You’re sailing along through life, and suddenly you hit a huge bump…….a serious illness, unemployment, the loss of a home, or a death in the family. How do you cope?
The truth is, you never know how strong your relationship is until it’s tested. All too often, the stress of a crisis can pull a couple apart. But, the good news is, when you do make it through in one piece, you might just find yourselves tighter than ever.
“What didn’t happen to us?” asks Daryl, 28, a preschool teacher in Harrisburg, PA. “My husband lost his job and took a minimum-wage job he was way overqualified for just to make ends meet. He was offered a better job in a mountain town outside San Diego, so we moved.

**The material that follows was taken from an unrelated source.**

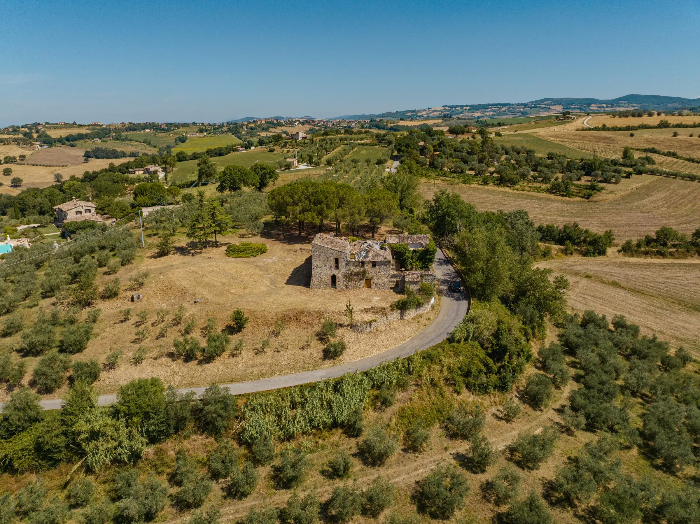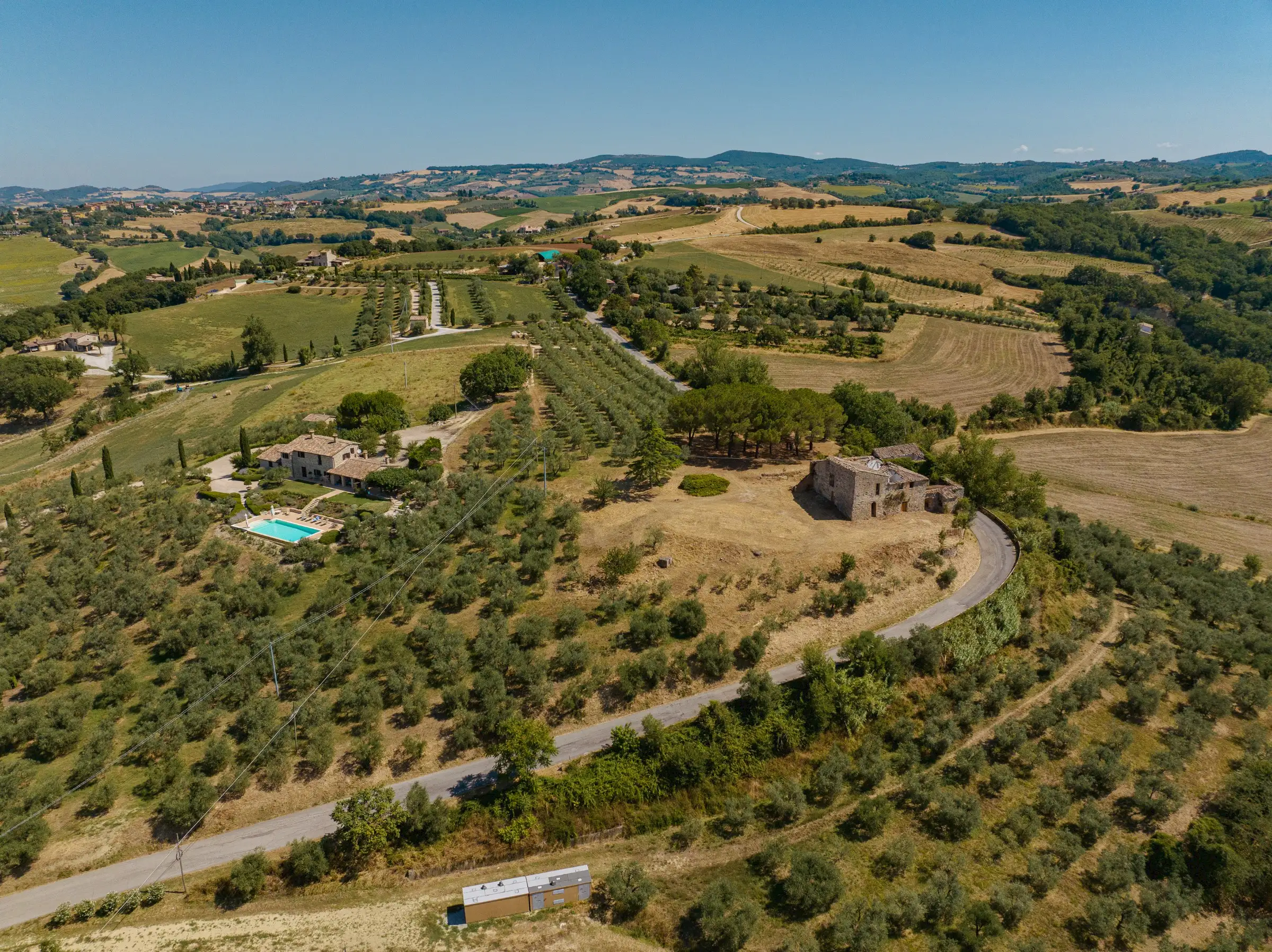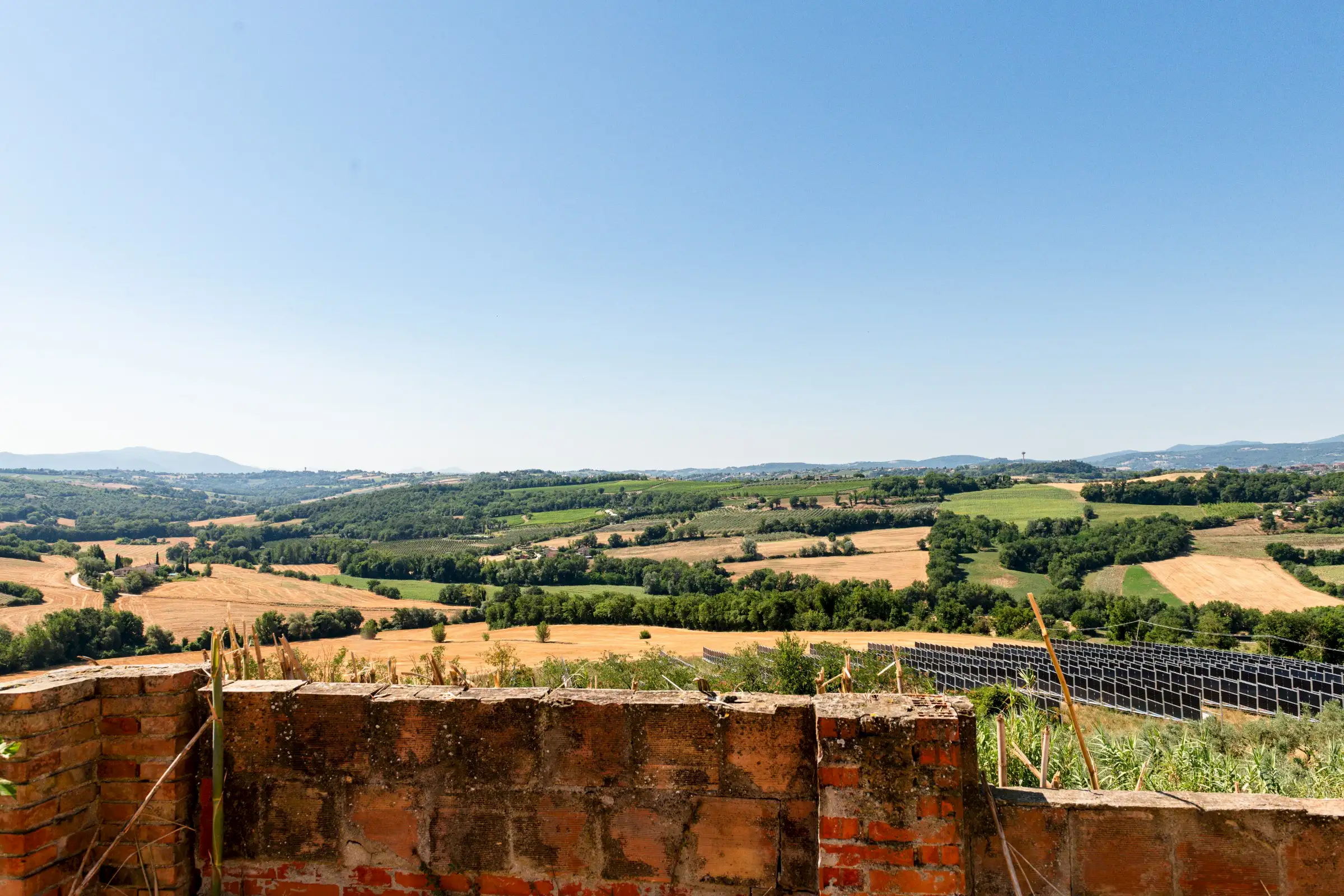 The property is set in a serene, tranquil countryside environment. On one side it neighbours to a private house at comfortable distance from the main, to be restored farmhouse, where local residents live. The photovoltaic panel park opposite of the road, is located on and belongs to third party property; standing on "Cottino" property, it doesn't impact the panoramic views over the countryside and on Todi.

Then, during the California wildfires several years ago, our house burned down and we lost everything. We were living in a one-room, converted garage with no running water and a newborn baby. But, we found that this chaos somehow brought us even closer together. We took turns losing it. We really kept each other sane.”
Marriage is no roll in the hay. It is tough, real work. But, the reward, the edifice you build together that will shelter you through years of tough times, is more than worth the effort. The small, friendly home you build, decorated with your shared history and stories, filled with color and laughter — will be the warmest and safest retreat you can imagine.